Desde un punto
de vista semántico, ‘oír’ y ‘escuchar’ no son sinónimos. ‘Oír’, del latín audire, es
percibir con el oído; ‘escuchar’,
del latín auscultare, es prestar atención a lo que se oye. Podemos oír que
alguien está hablando sin escuchar lo que dice y también puede darse el caso de
que queramos escuchar algo, pero no lo oigamos. ‘Escuchar’ implica voluntad, un
deseo de percibir y entender.
Esta diferencia
sería matizable, ya que la lengua es mucho más que semántica y a veces
encontramos giros que parecen caprichosos. Además, es un sistema vivo, en el
que las acepciones se desplazan con el tiempo, en contacto con otras lenguas y
realidades, y se imponen nuevos usos: por ejemplo, en los últimos años cada vez
se usa más ‘escuchar’ en el sentido de ‘oír’, como muy bien explica Pedro
Álvarez de Miranda en este artículo
del Centro Virtual Cervantes.Thisbe. J.W. Waterhouse. 1909
Para este ejercicio podemos prescindir de los matices y quedarnos con que la diferencia entre ‘oír’ y ‘escuchar’ reside en la atención. Aunque esa atención no siempre nos lleva en la misma dirección: a veces nos esforzamos por aguzar el oído para escuchar bien, mientras que hay ocasiones en las que nos centramos tanto en lo que estamos haciendo que no oímos que el teléfono está sonando; hay quien es incapaz de leer con música de fondo y hay quien puede estudiar temas complejos por mucho ruido que haya a su alrededor. Todas estas posibilidades están relacionadas con cómo funciona el sentido del oído.
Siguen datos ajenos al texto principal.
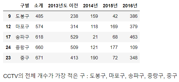 | CCTV_Seoul.sort_values(by='소계', ascending=True).head(5) |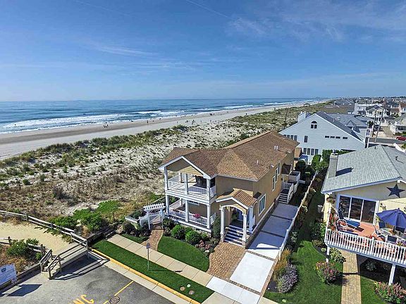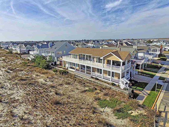OCEANFRONT, CONVENIENCE, COMFORT AND LOCATION MEET in this renovated, oceanfront home with 110 feet of ocean frontage with "take your breath away" ocean views. The upside-down design allows four bedrooms each with ensuite baths and a beautiful powder room to service the main living area. The home is protected by a beautiful, low rolling mature dune and raised bulkhead. The first floor has 3 bedrooms, 3 baths and den with direct access to a wonderful east facing deck overlooking a beautifully landscaped yard. There is a fabulous three season room on the south side of the home with ipe flooring that also overlooks the yard and dunes. The second floor, vaulted great room has sensational views, Brazilian cherry floors, a wall of glass allowing beautiful natural light and direct access to an expansive east facing deck, built-ins, beverage center with refrigeration, large wine chiller, ice machine and premium coffee service. The chef's kitchen has a Wolf cooktop, Wolf double oven, sub-zero fridge, two sinks, dishwasher and dishwasher drawer. The kitchen has a large center-island, pot filler faucet and a beautiful custom tiled backsplash. The great room has direct access to a dramatic, covered porch with wood ceiling and gorgeous ocean views. The south-side master bedroom has an ensuite bath and direct access to a large, oceanfront deck with sensational views and a spiral stair to the first floor. The home has a maintenance free vinyl shake exterior, stone faced foundation, long driveway with ample off street parking and a large storage shed in the rear. Other special features include a beautiful trim package throughout, distributed audio and mostly storm resistant windows on the east side of the home! The property is sold tastefully furnished. You will certainly enjoy the direct access to the beach as well as the comfortable stroll to town. Owners say they rarely use their car once they arrive.

El oído externo capta las ondas sonoras, que avanzan por el oído medio y el interno hasta llegar a la cóclea, desde donde pasan codificadas al nervio auditivo. El encargado del proceso de descodificación e interpretación de ese mensaje es el cerebro, a través de una serie de niveles o vías auditivas que van obteniendo información y trasladándola al nivel superior. Se identifican características del sonido como la intensidad, la frecuencia, la armonía, la melodía o el ritmo, se integran todos los datos y se prepara una respuesta.
Pero la audición
no solo implica la vía auditiva del cerebro, también pone en marcha áreas como
la corteza multisensorial, que permite establecer la prioridad entre los
distintos estímulos que recibimos, de ahí que tengamos cierta capacidad para concederle
más atención a la actividad que más nos interesa y dejar las demás en segundo
plano.
Además, en el
proceso se activan regiones del cerebro como las que controlan los músculos,
los centros del placer o las vinculadas a la memoria y las emociones.
Toda esta serie de señales e información que entran en juego para interpretar lo que oímos contribuye a que cada persona perciba la música de forma distinta, ya que en la descodificación del sonido intervienen la experiencia y las vivencias personales, asociaciones de recuerdos, preferencias estéticas o incluso conocimientos previos que pueden ayudar a identificar ciertos rasgos musicales que para un oído no entrenado pasan desapercibidos.
Para complicar
un poco más el proceso, a veces el cerebro «nos engaña». Nuestros órganos
sensoriales no son máquinas de precisión, perciben los estímulos de forma
incompleta y es el cerebro el que se encarga de buscar patrones y llenar los
huecos para interpretar la información, un proceso en el que, una vez más,
influye la realidad personal. Este funcionamiento del cerebro da lugar a
curiosos fenómenos de ilusiones sensoriales como las que describen Javier
Armentia y Joaquín Sevilla en la interesante y divertida charla de Naukas «Ciencia con sentidos».